くっ…。冷たいものを一気に食べたからか。
俺とフェイリスは近くのベンチで座りながらソフトクリームの味を楽しんだ。
「はぁ…おいしかったです!」
「人間界にこんな美味しいものがあったとはなぁ。今度魔界でも作らせてみるか…」
きっと馬鹿売れするに違いないだろう。
魔界は基本的に暑いからな…。
「次はどこ行きますか?」
「ん~そうだな…。じゃあ今度はフェイリスが案内してくれ。
俺は全然この街のことを知らないから」
「確かにそうですよね…わかりました。
ご期待に添えるかどうかはわかりませんけど、頑張ります」
そう言って今度はフェイリスの誘導に従う。
最初にフェイリスが向かったのは、様々なものが売っている雑貨店だった。
「ここは私もよく来るんです。稀に掘り出し物が置いてあったりするので…」
「ほう…」
魔界でも見たことがあるものもちらほらとあるが、ほとんどが知らないものばかりで、俺は興味津々で商品を見ていく。
色々と見ていたが1つ、気になるものを見つけた。
「フェイリス~これはなんだ?」
すると、近くでぬいぐるみを見ていたフェイリスがトコトコやってくる。
「えと、これはガーゴイルの翼ですね。使い捨てなんですけど、1度だけ指定した相手の元に伝言を届けてくれるんです」
「へぇ…」
確かにガーゴイルはよく伝言係として使っていたが、翼にそんな効果があったなんてな。
しかし、ガーゴイルの翼ってこんな形してたかな…。
「…」
念話があれば必要ないんだろうが、あいにく今、念話が使えないので1つ買っておくか。
そうして俺はガーゴイルの翼を購入し、店を後にした。
続いてやってきたのは武具屋。
学園に直結している武具屋だからだろうか、一般人が使う武具から、それぞれのカードの数字に対応した武具まで様々だ。
その為か、学園の服を来た生徒が割合的には多い。
「しかし、こうしてみると結構な種類の武器があるんだな」
オーソドックスな両手剣を始めとし、片手剣、槍、斧、鎌、金槌、大太刀、レイピア、杖など様々だ。なかには鎖鎌やナックルと言った珍しいものまで置いてある。

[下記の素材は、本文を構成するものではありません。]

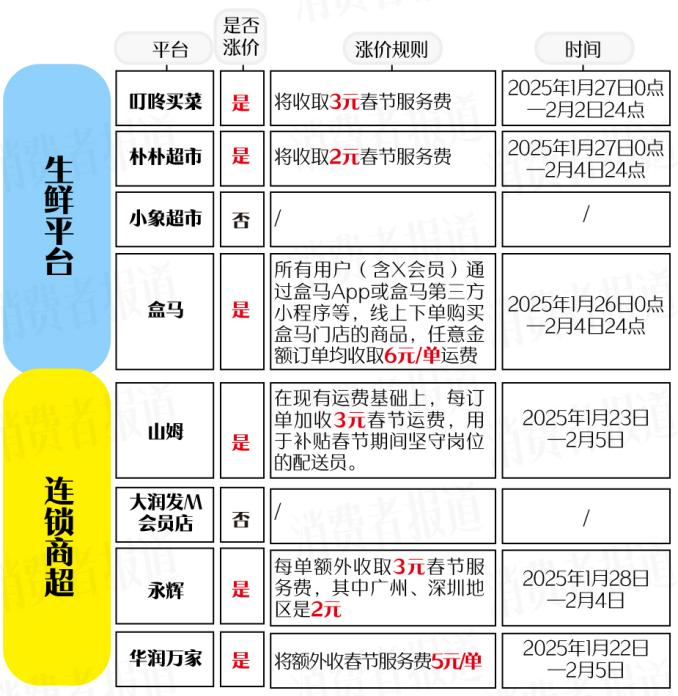 永辉超市公告显示,除夕0点至初七24点(2025年1月28日至2月4日24点)下单,将每单额外收取3元春节服务费,其中广州、深圳地区是2元。华润万家超市则在1月22日至2月5日期间额外收取春节服务费5元/单。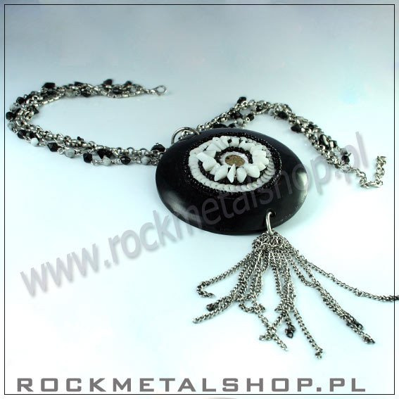 Naszyjnik dobrej jakości, bardzo solidny i masywny . Obwód naszyjnika wynosi około 44 cm, średnica wisiora wynosi około 7cm. Elementy naszyjnika wykonane ze stopu metalu oraz tworzywa sztucznego.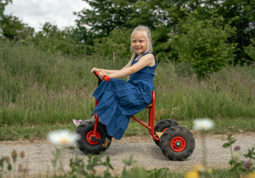 De ROSE kinderdriewieler met klein platform en tractorbanden helpt kinderen veilig leren rijden. Dankzij de trekhaak kan hij met een aanhanger worden gebruikt als speelse truck. Ideaal voor scholen, kinderdagverblijven en speelplaatsen. Geschikt voor kinderen van 4-10 jaar.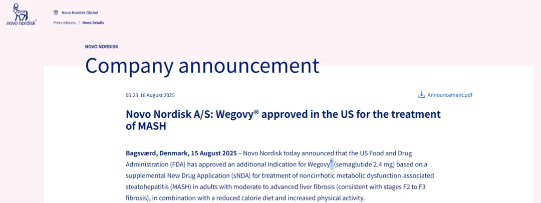 2025年8月15日,美國(guó)食品藥品監(jiān)督管理局(FDA)已批準(zhǔn)司美格魯肽Wegovy?(Semaglutide 2.4 mg)的補(bǔ)充新藥申請(qǐng)(sNDA),用于治療伴有中度至進(jìn)展期纖維化(F2至F3期)的非肝硬化代謝相關(guān)脂肪性肝炎(MASH)成人患者,用藥時(shí)需聯(lián)合低熱量飲食及增加體力活動(dòng)。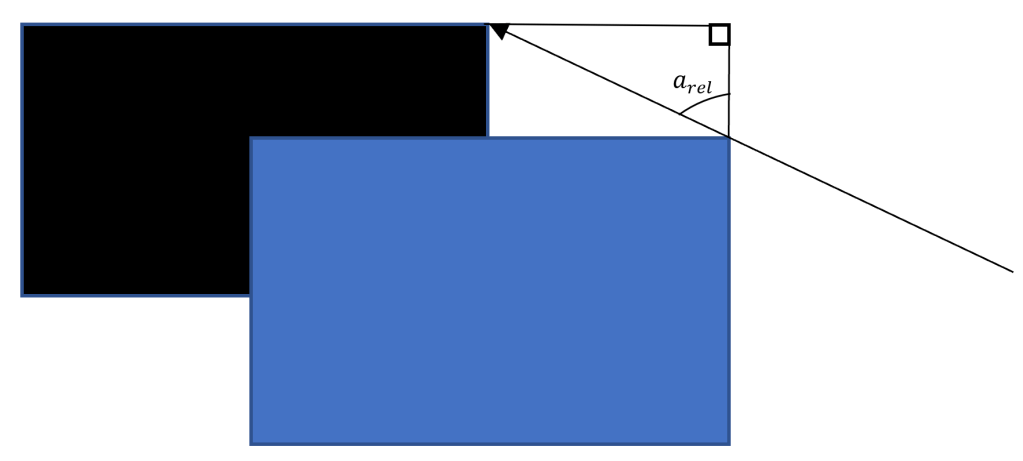 Where the actual displacement is found by L*tan(arel), where L is the distance between corresponding points calculated earlier and arel is the relative azimuth.

俺は基本的には片手剣だが、ナックルを使って肉弾戦に持ち込む時もある。稀に短剣を2つ使うこともあるが、あまり好きではない。ネネコを指導していた時は、あいつが双剣士だから俺もそれに合わせていたが…。
「ふむ…」
色々と見ていると、やはりカードの数字が上がるにつれて武器は格段に変わるらしい。
スクリーンに、3と4でどのくらい力量差があるのか実験している動画があったが、その差は意外とわかるものだった。

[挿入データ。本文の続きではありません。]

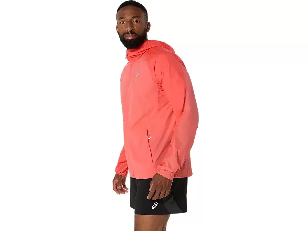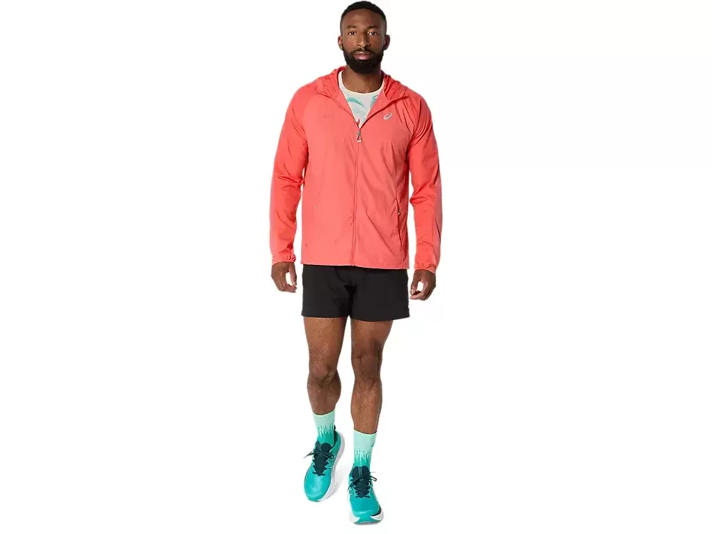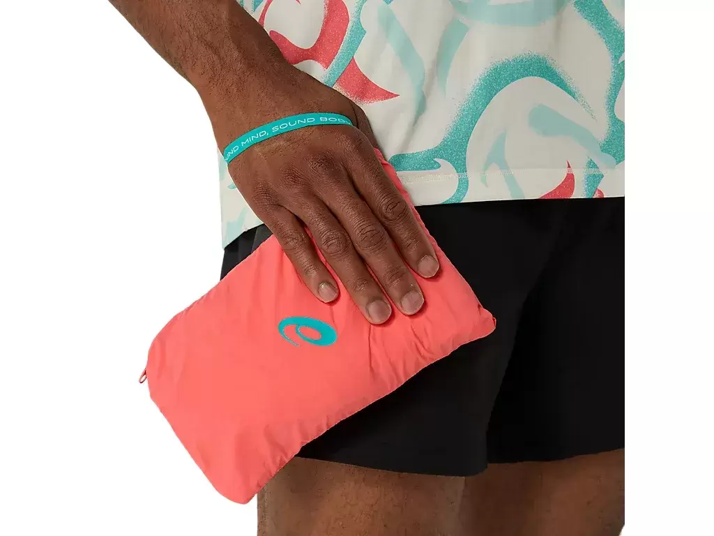 É uma jaqueta versátil, projetada para proteger contra chuva e vento, e pode ser facilmente removida e guardada no bolso lateral durante a corrida.

例えば厚さ3センチの鉄を切るということについて、3のカードの場合2、3度強く振ってやっと切れたものの、4のカードの場合は1度軽く振っただけで切れてしまった。同じ人が実験をしているので、単にカードの能力に依存した場合だとこのぐらいの差がでるのか。
「持ち主が努力すれば相乗効果で更に能力アップできるのか」
よくこんなものを開発したな…。
人間も、魔族に対抗する手段をしっかり開発していたというわけか……。
「あれ、ルイ君!」
「ん…?」
振り返ると、そこには制服を着たアネットがいた。